The matrix equation can be solved in the standard way. It’s not too large: the problem size is (ndim+1)*npoints × (ndim+1)*npoints which stays manageable (on a puny Eee laptop) at least to 10000 data points in 2-D. In principle, iterative methods could be used to solve it, but in practice since I didn’t want to spend time looking for a good preconditioner, direct sparse solvers will have to do.

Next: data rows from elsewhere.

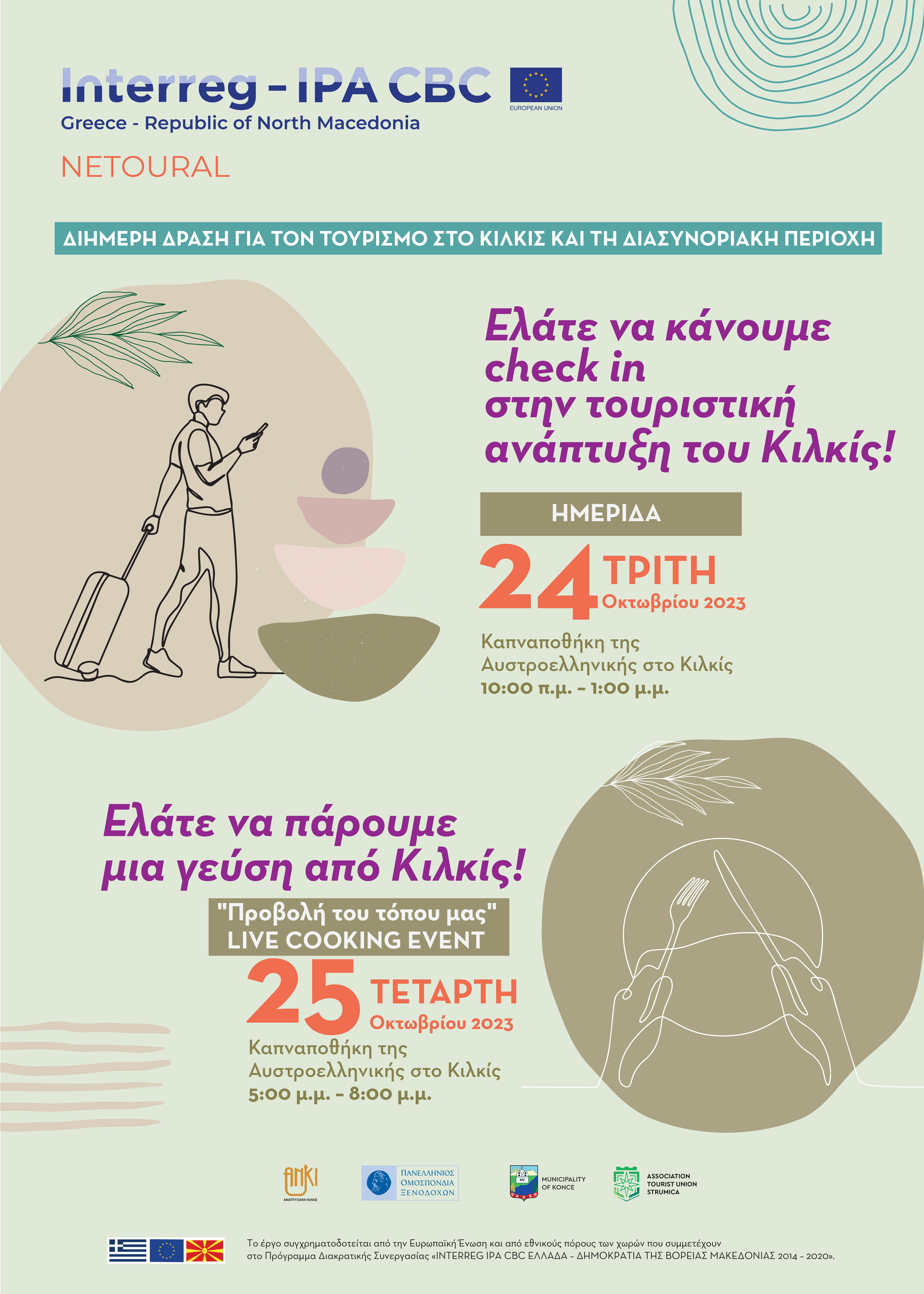 Η εκδήλωση είναι ενταγμένη στο έργο: «Προώθηση εναλλακτικού τουρισμού στη διασυνοριακή περιοχή με επίκεντρο τις δραστηριότητες ευεξίας και ευημερίας, παράλληλα με την προώθηση ποιοτικών γεωργικών προϊόντων και τροφίμων, για τη δημιουργία ευκαιριών απασχόλησης» (Netoural), του Προγράμματος Διασυνοριακής Συνεργασίας «INTERREG IPA CBC Ελλάδα – Δημοκρατία της Βόρειας Μακεδονίας 2014-2020», με τη συγχρηματοδότηση της Ελλάδας και της Ευρωπαϊκής Ένωσης.
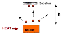 In the first stage, as shown in Fig. 3.22 the gaseous state is achieved by heating the source so that its vapor pressure (Pvapor) is greater than 10-4 torr. The evaporation is carried out in standard base vacuum pressures and the evaporation rate (flux) can be estimated from kinetic theory described in previous section. Some sources sublime from solid while others evaporate from liquid. When source compounds are changed to vapor, it may break apart and produce films with different stoichiometry. For example instead of SiO2, one may end up with SiOx, where x < 2. Similarly, metal alloy sources do not give same alloy in film; its components evaporate independently based on each separate vapor pressure and the composition of alloy source also changes with time.
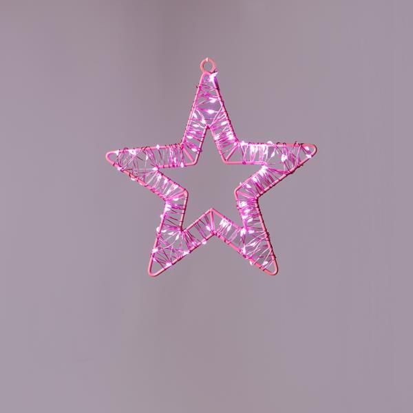 СВЕТЕЩА ЗВЕЗДА 23СМ, 80 МИНИ LED, 4,5V АДАПТЕР, РОЗОВА МЕТАЛНА РАМКА, РОЗОВ МЕДНА ЖИЦА, РОЗОВ МИНИ LED, ЖИЛ 5М, IP44

All in all, this is probably a known smoothing method, but since I did this for “fun”, I didn’t bother trying to find it in the literature. Nevertheless, the minimum norm network idea is beautiful, and evidently indicates Correct Thought.

References

 [Nielson83] G. Nielson, “A method for interpolating scattered data based upon a minimum norm network”. Math. Comp., 40, 253 (1983).

## … in practice?¶

Ok, so far so good. But does it actually work? A simple test problem should be enough to check that:

>>> import numpy as np
>>> points = np.random.rand(1500, 2)
>>> signal = np.cos(5*points[:,0])*np.sin(5*points[:,1])
>>> noise = np.random.randn(points.shape)
>>> data = signal + noise

>>> from scipy.interpolate import NDSmoother, griddata
>>> smoothed = NDSmoother(points, data, scale=1e-5)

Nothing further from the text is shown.